Li Ya, Zhang Min, Hu Yong, Zou Dan, Du Bo, Mo Youlong, He Tianchu, Zhao Mingdan, Li Benlan, Xia Ji, Huang Zhongjun, Lu Fangyang, Lu Bing, Peng Jie
Department of Oncology, The Second Affiliated Hospital of Guizhou Medical University, Kaili, China.
Department of Oncology, Affiliated Hospital of Guizhou Medical University, Guiyang, China.
Front Med (Lausanne). 2025 Jul 24;12:1596788. doi: 10.3389/fmed.2025.1596788. eCollection 2025.
Numerous radiomic models have been developed to predict treatment outcomes in patients with NSCLC receiving chemotherapy and radiation therapy. However, computed tomography (CT) radiomic models that integrate the Gross Tumour Volume of the primary lesion (GTVp), the Gross Tumour Volume of nodal disease (GTVnd), and clinical information are relatively scarce and may offer greater predictive accuracy than models focusing on GTVp alone. This study aimed to evaluate the efficacy of a CT radiomic model combining GTVp, GTVnd, and clinical data for predicting treatment response in unresectable stage III-IV NSCLC patients undergoing concurrent chemoradiotherapy.

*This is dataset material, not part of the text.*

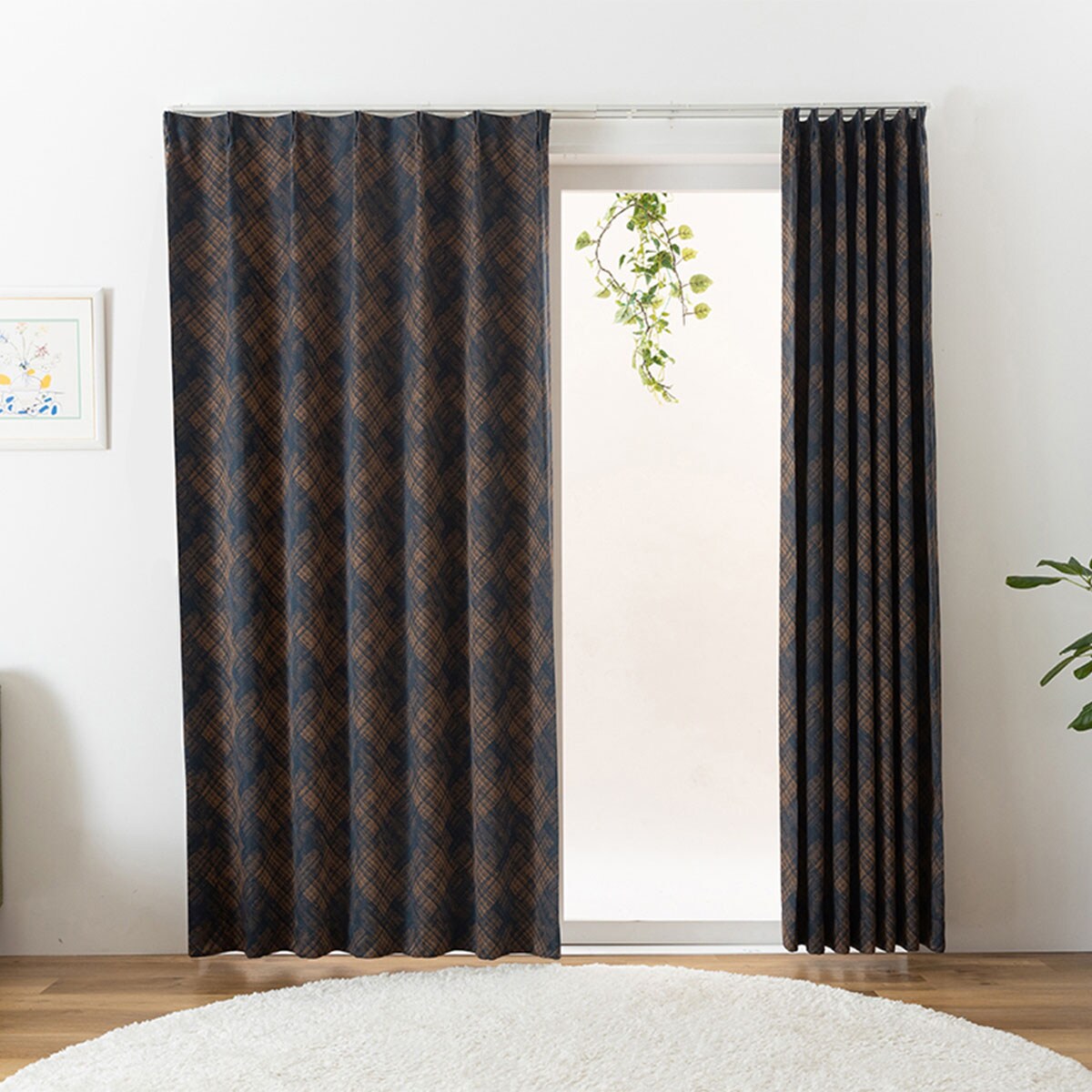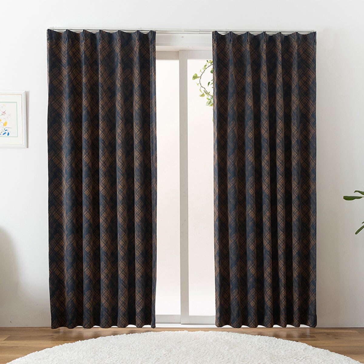 ネイビーランダムに交差するおしゃれなラインが魅力の2級遮光カーテンです。

A total of 101 patients with unresectable stage III-IV NSCLC were included. GTVp was delineated using lung windows, and GTVnd was delineated using mediastinal windows. Radiological features were extracted using Python 3.6, then subjected to F-test and Lasso regression for feature selection. Logistic regression was performed on the selected radiological features. Clinical information was analysed with univariate and multivariate logistic regression to identify significant clinical variables. Five models were developed and evaluated, incorporating GTVp, GTVnd, and clinical data.
The GTVp-based radiomics model achieved an area under the curve (AUC) of 0.855 in the training cohort and 0.775 in the validation cohort. The multimodal composite model (integrating GTVp, GTVnd, and clinical parameters) significantly outperformed the GTVp-only model, with a training AUC of 0.862 and validation AUC of 0.863, demonstrating superior predictive performance for concurrent chemoradiotherapy response in this patient population.
已经开发了许多放射组学模型来预测接受化疗和放疗的非小细胞肺癌(NSCLC)患者的治疗结果。然而,整合原发灶大体肿瘤体积(GTVp)、淋巴结疾病大体肿瘤体积(GTVnd)和临床信息的计算机断层扫描(CT)放射组学模型相对较少,并且可能比仅关注GTVp的模型具有更高的预测准确性。本研究旨在评估结合GTVp、GTVnd和临床数据的CT放射组学模型对接受同步放化疗的不可切除III-IV期NSCLC患者治疗反应的预测效果。
共纳入101例不可切除的III-IV期NSCLC患者。使用肺窗勾画GTVp,使用纵隔窗勾画GTVnd。使用Python 3.6提取放射学特征,然后进行F检验和套索回归进行特征选择。对选定的放射学特征进行逻辑回归。对临床信息进行单变量和多变量逻辑回归分析,以确定显著的临床变量。开发并评估了五个模型,纳入了GTVp、GTVnd和临床数据。
基于GTVp的放射组学模型在训练队列中的曲线下面积(AUC)为0.855,在验证队列中为0.775。多模态复合模型(整合GTVp、GTVnd和临床参数)显著优于仅基于GTVp的模型,训练AUC为0.862,验证AUC为0.863,表明该模型对该患者群体同步放化疗反应具有卓越的预测性能。